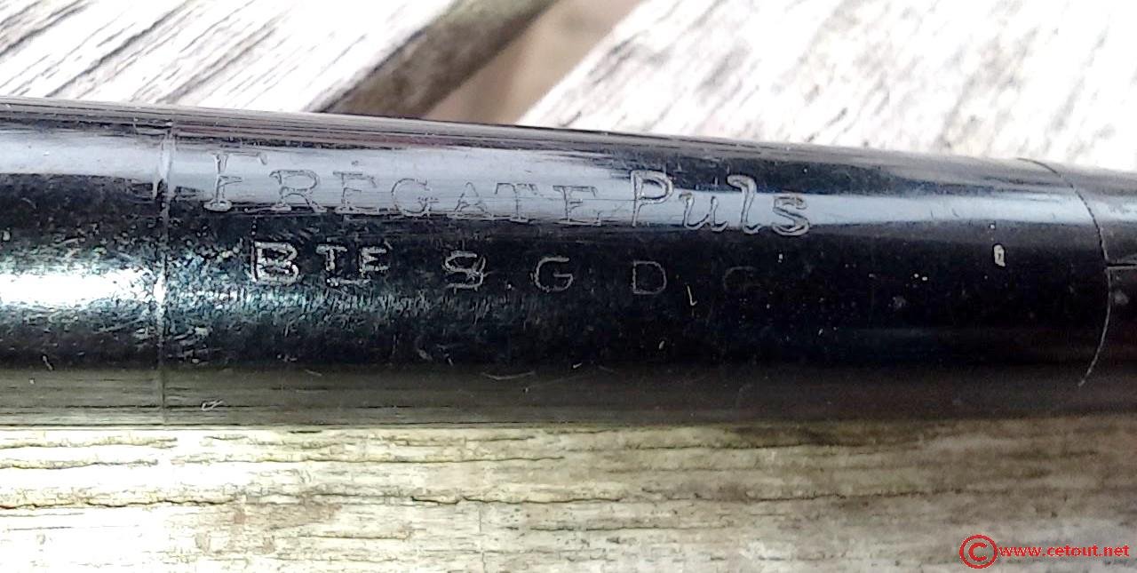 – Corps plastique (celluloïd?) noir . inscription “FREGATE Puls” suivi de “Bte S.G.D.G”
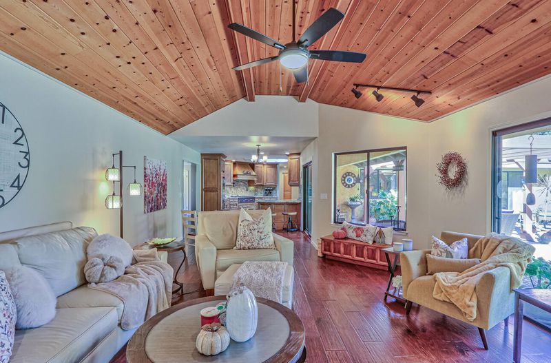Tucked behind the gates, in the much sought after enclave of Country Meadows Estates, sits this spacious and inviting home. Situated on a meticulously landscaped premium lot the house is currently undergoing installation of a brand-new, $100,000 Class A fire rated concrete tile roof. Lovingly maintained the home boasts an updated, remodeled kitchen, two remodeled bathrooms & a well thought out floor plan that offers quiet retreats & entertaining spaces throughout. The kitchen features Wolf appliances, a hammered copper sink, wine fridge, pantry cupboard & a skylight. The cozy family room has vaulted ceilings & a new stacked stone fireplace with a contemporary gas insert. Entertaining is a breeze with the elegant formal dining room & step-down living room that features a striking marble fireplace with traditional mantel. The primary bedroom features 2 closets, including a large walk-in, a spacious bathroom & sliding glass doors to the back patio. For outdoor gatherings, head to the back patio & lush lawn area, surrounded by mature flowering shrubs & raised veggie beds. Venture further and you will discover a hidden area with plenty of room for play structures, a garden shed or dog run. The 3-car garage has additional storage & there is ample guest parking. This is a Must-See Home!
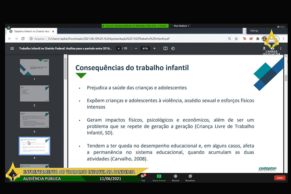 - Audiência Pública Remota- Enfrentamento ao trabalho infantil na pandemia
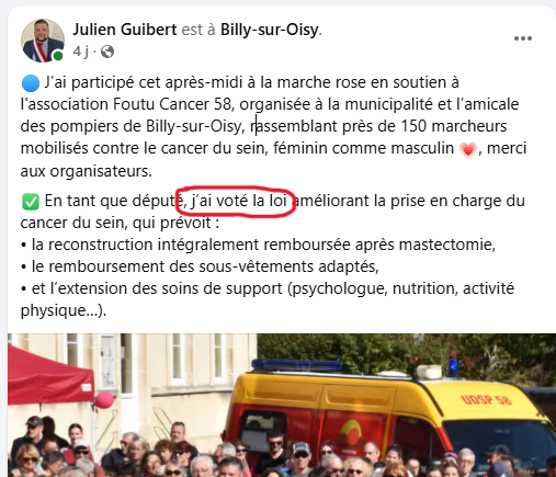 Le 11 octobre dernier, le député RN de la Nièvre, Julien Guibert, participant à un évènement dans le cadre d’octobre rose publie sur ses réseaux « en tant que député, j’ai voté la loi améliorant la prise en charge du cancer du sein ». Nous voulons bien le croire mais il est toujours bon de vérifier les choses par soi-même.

--

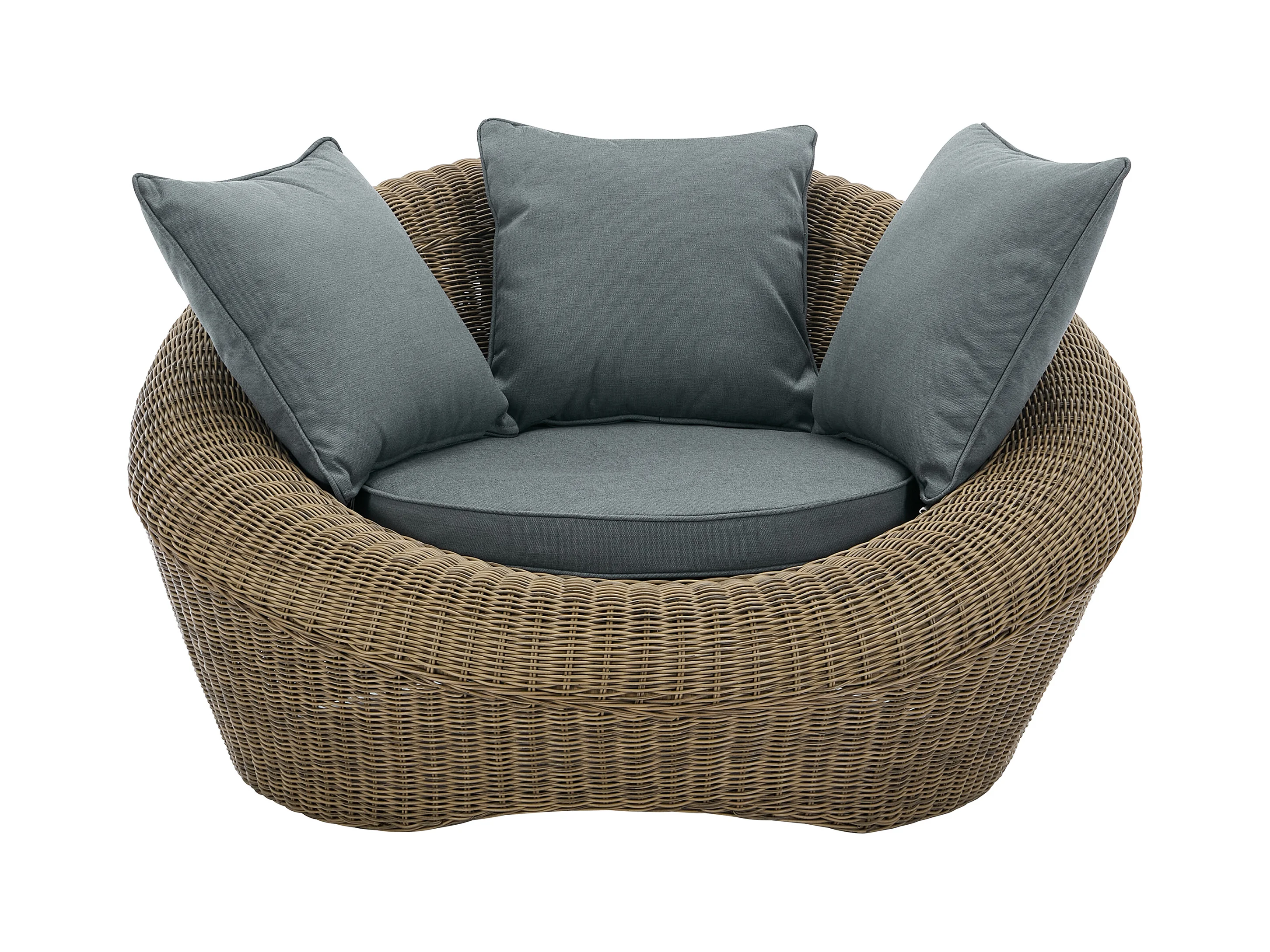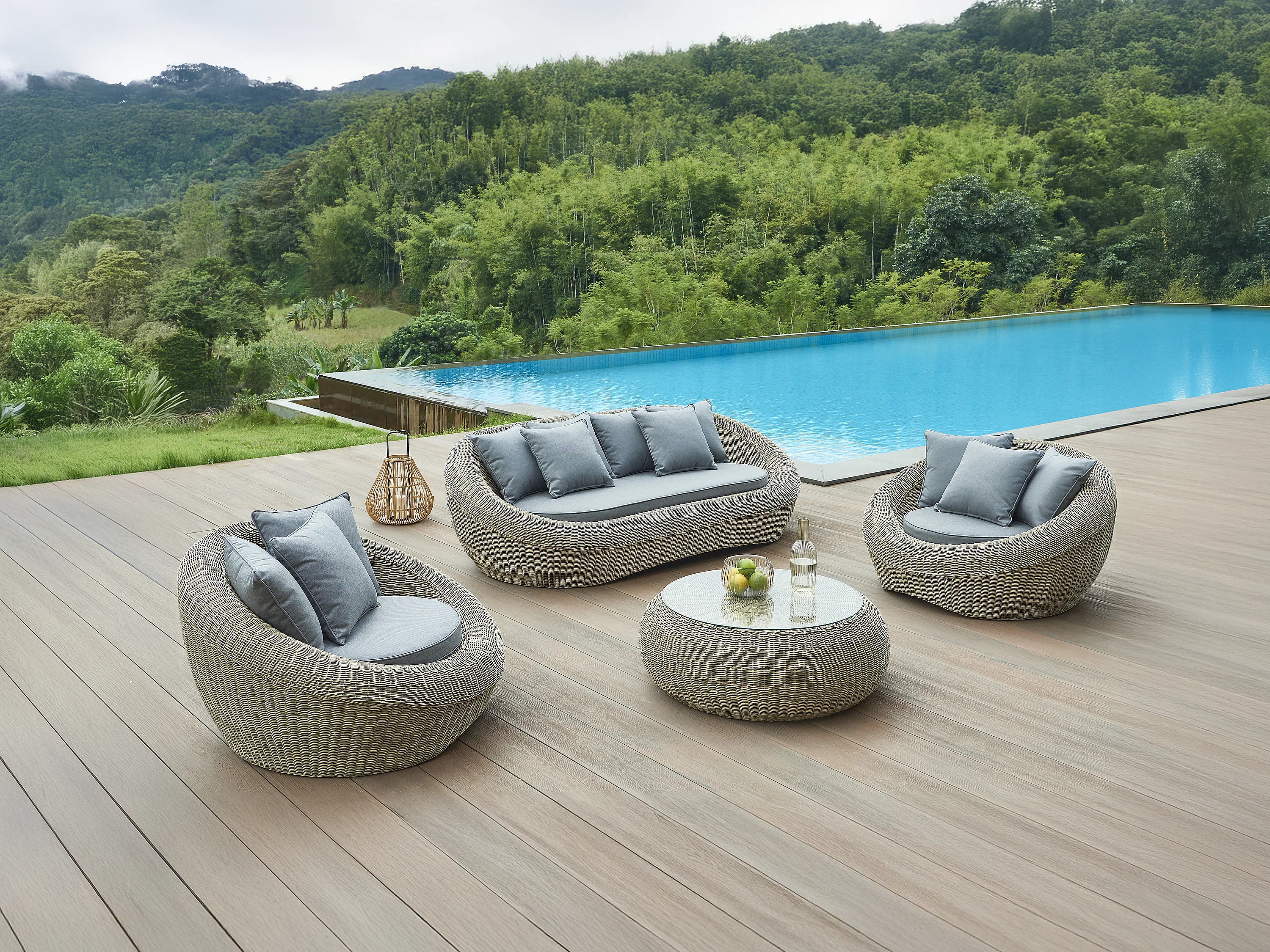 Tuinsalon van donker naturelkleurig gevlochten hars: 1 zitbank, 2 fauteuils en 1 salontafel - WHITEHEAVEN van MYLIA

* * *

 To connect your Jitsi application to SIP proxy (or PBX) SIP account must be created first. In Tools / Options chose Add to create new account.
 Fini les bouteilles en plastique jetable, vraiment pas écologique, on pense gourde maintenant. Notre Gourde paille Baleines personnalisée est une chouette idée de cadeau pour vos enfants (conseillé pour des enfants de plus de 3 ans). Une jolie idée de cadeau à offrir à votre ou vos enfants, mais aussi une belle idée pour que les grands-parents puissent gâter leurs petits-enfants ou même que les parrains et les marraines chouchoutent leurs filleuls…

*Problem description*
All lines above from the one holding "To connect your" to the one holding "Fini les bouteilles", inclusive, are to be copied exactly; no other line is wanted.

*The answer*
 To connect your Jitsi application to SIP proxy (or PBX) SIP account must be created first. In Tools / Options chose Add to create new account.
 Fini les bouteilles en plastique jetable, vraiment pas écologique, on pense gourde maintenant. Notre Gourde paille Baleines personnalisée est une chouette idée de cadeau pour vos enfants (conseillé pour des enfants de plus de 3 ans). Une jolie idée de cadeau à offrir à votre ou vos enfants, mais aussi une belle idée pour que les grands-parents puissent gâter leurs petits-enfants ou même que les parrains et les marraines chouchoutent leurs filleuls…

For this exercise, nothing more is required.